■ **Data for processing**
━━━━━━━━━━━━━━━━━━━━

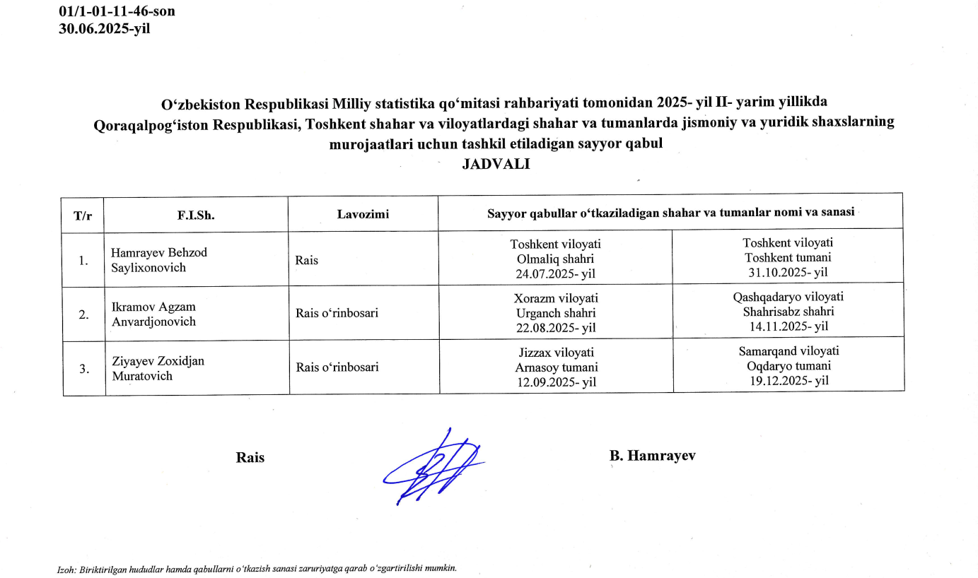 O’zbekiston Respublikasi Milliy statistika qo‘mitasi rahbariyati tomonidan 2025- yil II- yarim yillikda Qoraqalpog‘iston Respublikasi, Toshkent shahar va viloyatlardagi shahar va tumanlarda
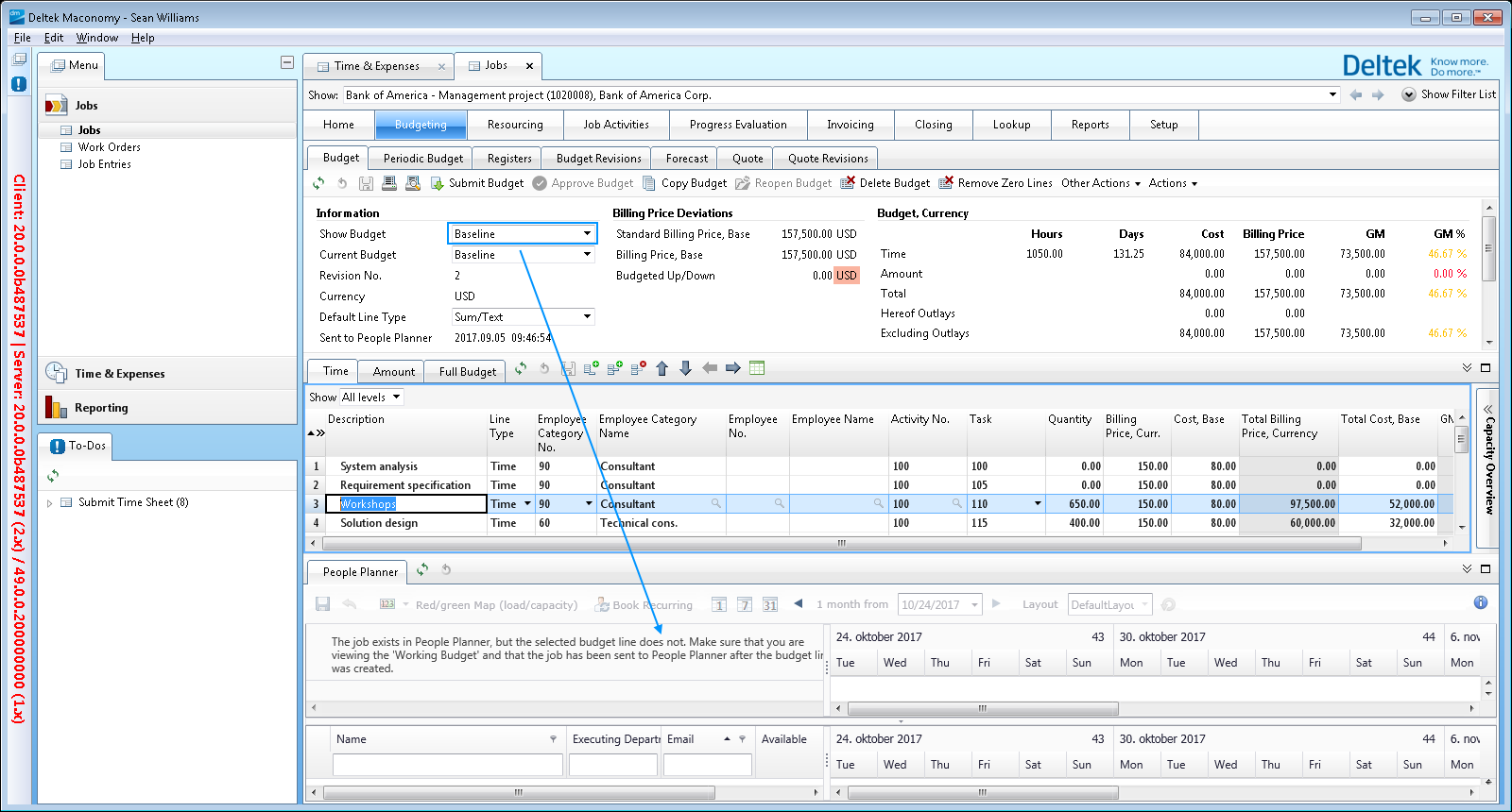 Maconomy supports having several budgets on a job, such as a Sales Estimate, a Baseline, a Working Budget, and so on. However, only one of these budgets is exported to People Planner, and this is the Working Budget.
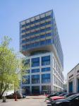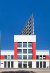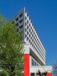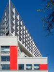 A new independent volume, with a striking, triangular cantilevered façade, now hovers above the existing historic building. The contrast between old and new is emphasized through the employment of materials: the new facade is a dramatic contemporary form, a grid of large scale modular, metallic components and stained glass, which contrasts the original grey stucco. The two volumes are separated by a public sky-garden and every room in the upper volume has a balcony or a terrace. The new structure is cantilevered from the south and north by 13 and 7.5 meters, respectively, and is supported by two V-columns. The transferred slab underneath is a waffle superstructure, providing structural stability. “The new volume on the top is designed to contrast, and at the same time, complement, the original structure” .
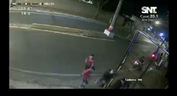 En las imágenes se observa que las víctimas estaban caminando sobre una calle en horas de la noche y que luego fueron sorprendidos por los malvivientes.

━━━━━━━━━━━━━━━━━━━━

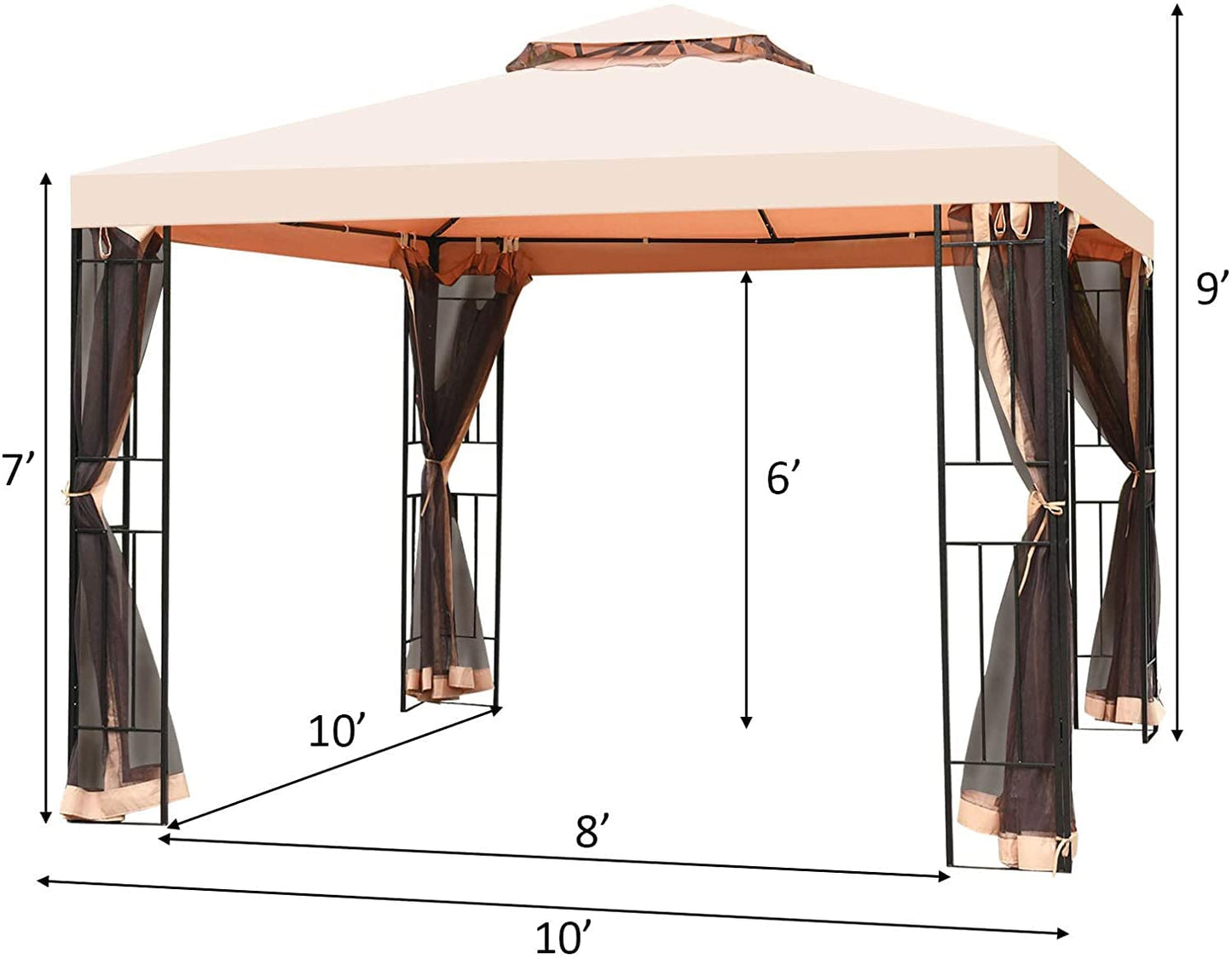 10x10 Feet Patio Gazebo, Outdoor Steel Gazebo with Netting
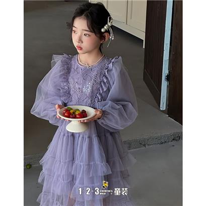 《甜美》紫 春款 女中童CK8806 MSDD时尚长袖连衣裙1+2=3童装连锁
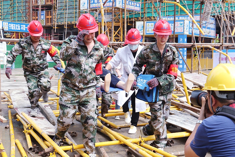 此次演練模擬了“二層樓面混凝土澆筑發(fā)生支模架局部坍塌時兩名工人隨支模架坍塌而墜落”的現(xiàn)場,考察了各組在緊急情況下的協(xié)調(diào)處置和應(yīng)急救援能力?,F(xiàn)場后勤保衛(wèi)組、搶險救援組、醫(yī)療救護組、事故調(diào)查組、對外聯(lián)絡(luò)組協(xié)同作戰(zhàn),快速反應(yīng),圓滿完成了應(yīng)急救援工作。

━━━━━━━━━━━━━━━━━━━━

■ **Requirement**
Skip every picture, and restate word for word only the lines above from the line containing "O’zbekiston Respublikasi Milliy" to the line containing "Maconomy supports having", both of them included.

■ **Solution below**
 O’zbekiston Respublikasi Milliy statistika qo‘mitasi rahbariyati tomonidan 2025- yil II- yarim yillikda Qoraqalpog‘iston Respublikasi, Toshkent shahar va viloyatlardagi shahar va tumanlarda
 Maconomy supports having several budgets on a job, such as a Sales Estimate, a Baseline, a Working Budget, and so on. However, only one of these budgets is exported to People Planner, and this is the Working Budget.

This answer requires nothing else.